▸ Provided records
────

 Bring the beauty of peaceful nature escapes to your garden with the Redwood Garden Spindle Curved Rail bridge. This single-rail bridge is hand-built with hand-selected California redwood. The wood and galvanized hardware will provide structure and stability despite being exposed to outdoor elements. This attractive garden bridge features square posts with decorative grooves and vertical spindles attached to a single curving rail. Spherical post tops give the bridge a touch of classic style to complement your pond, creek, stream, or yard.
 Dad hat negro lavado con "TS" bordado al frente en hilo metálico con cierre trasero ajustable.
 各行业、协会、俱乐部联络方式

────

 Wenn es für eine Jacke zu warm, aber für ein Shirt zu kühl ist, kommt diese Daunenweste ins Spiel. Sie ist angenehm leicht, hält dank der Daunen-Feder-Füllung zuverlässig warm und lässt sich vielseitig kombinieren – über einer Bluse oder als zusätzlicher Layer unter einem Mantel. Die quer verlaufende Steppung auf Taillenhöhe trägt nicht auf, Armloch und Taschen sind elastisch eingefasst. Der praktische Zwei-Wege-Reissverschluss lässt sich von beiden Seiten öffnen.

────

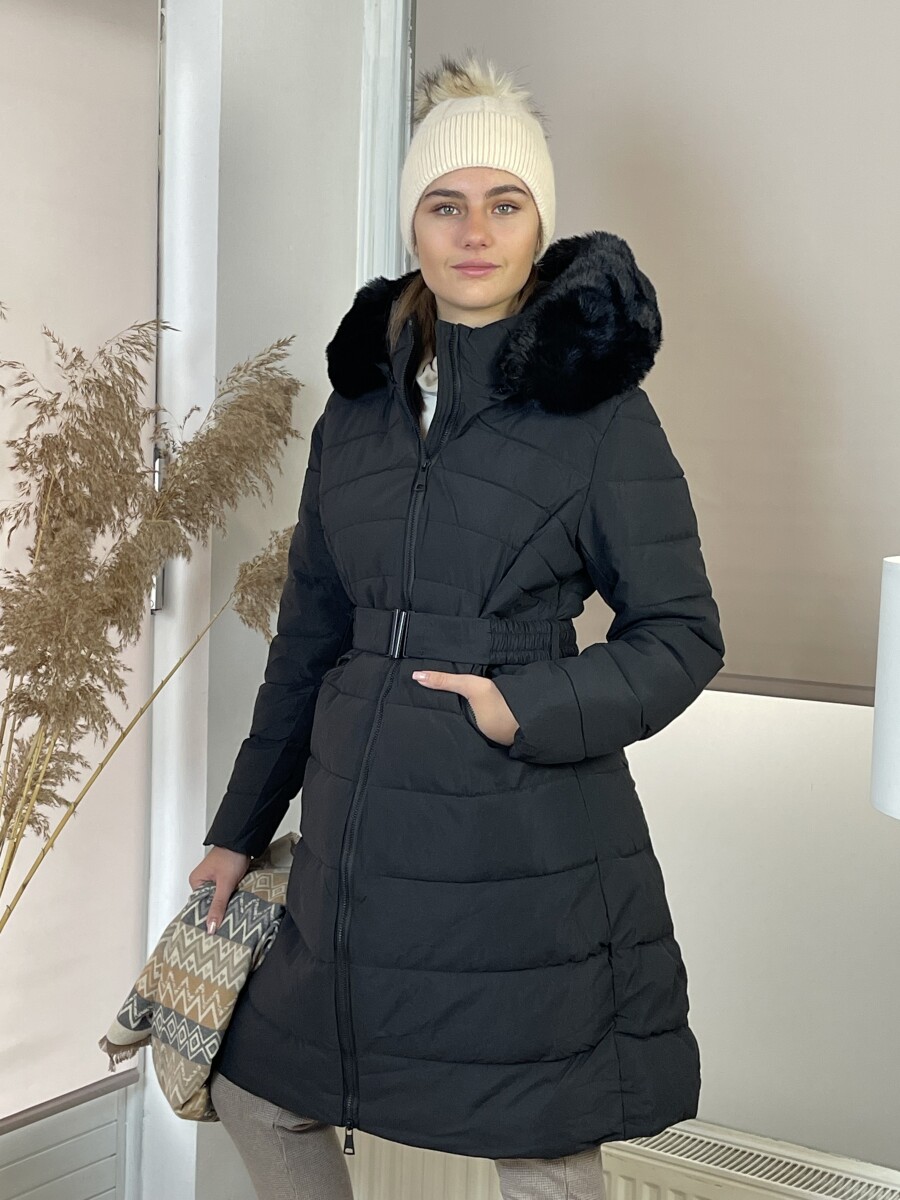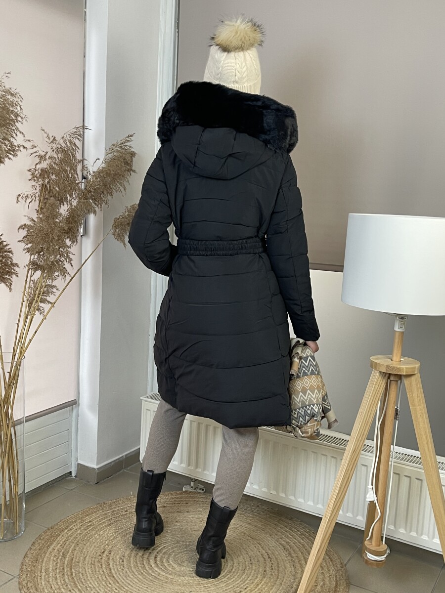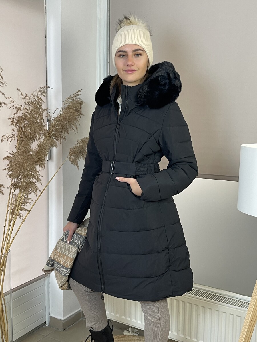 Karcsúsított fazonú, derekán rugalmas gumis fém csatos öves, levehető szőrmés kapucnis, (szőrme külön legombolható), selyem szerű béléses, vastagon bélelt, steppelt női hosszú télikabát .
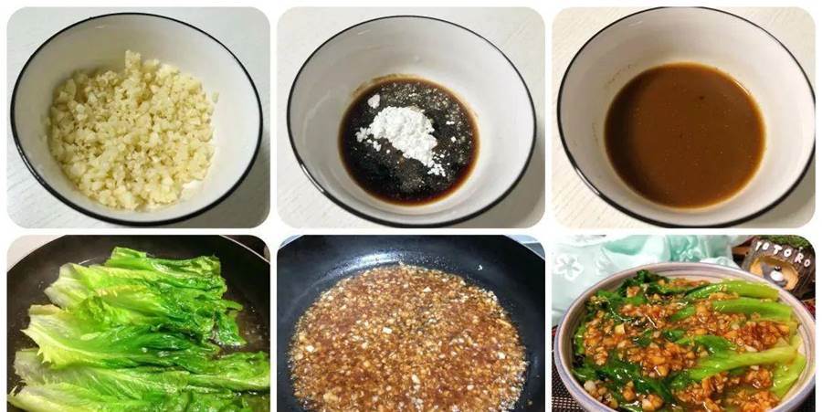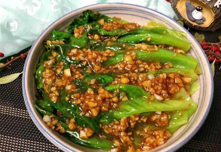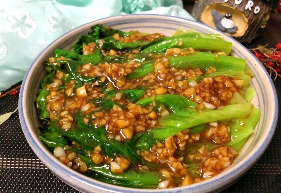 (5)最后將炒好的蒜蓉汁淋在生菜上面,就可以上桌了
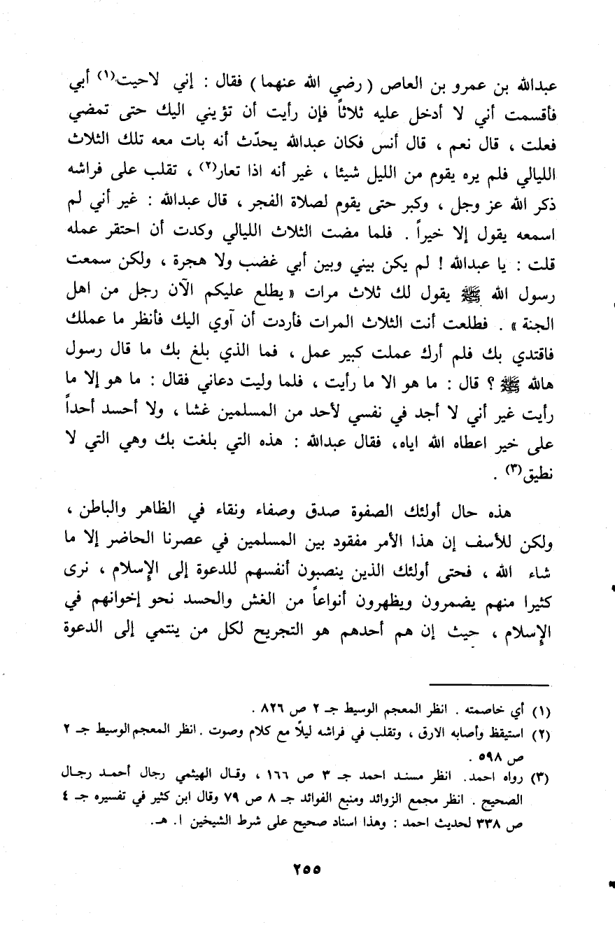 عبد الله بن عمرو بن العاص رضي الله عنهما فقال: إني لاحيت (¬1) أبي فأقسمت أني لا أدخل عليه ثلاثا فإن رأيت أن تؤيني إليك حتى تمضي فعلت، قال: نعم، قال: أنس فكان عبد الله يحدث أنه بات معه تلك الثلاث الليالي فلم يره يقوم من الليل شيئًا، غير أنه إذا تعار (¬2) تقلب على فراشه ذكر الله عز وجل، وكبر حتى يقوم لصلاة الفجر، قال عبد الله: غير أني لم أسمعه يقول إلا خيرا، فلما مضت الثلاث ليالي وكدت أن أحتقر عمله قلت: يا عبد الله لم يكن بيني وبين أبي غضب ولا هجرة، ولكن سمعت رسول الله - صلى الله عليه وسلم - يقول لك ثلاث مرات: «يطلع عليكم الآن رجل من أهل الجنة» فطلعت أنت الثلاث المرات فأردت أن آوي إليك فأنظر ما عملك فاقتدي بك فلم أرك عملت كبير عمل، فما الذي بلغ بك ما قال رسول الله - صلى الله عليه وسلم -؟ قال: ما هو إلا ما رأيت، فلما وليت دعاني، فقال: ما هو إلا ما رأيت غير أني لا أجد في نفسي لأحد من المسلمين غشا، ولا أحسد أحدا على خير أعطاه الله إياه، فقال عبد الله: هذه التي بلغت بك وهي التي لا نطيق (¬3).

────

▸ What needs to be done
From the material above, output only the span of lines that starts at the one containing "Karcsúsított fazonú, derekán" and finishes at the one containing "(5)最后將炒好的蒜蓉汁淋在生菜上面,就可以上桌了", word for word and free of pictures.

▸ Exercise response
 Karcsúsított fazonú, derekán rugalmas gumis fém csatos öves, levehető szőrmés kapucnis, (szőrme külön legombolható), selyem szerű béléses, vastagon bélelt, steppelt női hosszú télikabát .
 (5)最后將炒好的蒜蓉汁淋在生菜上面,就可以上桌了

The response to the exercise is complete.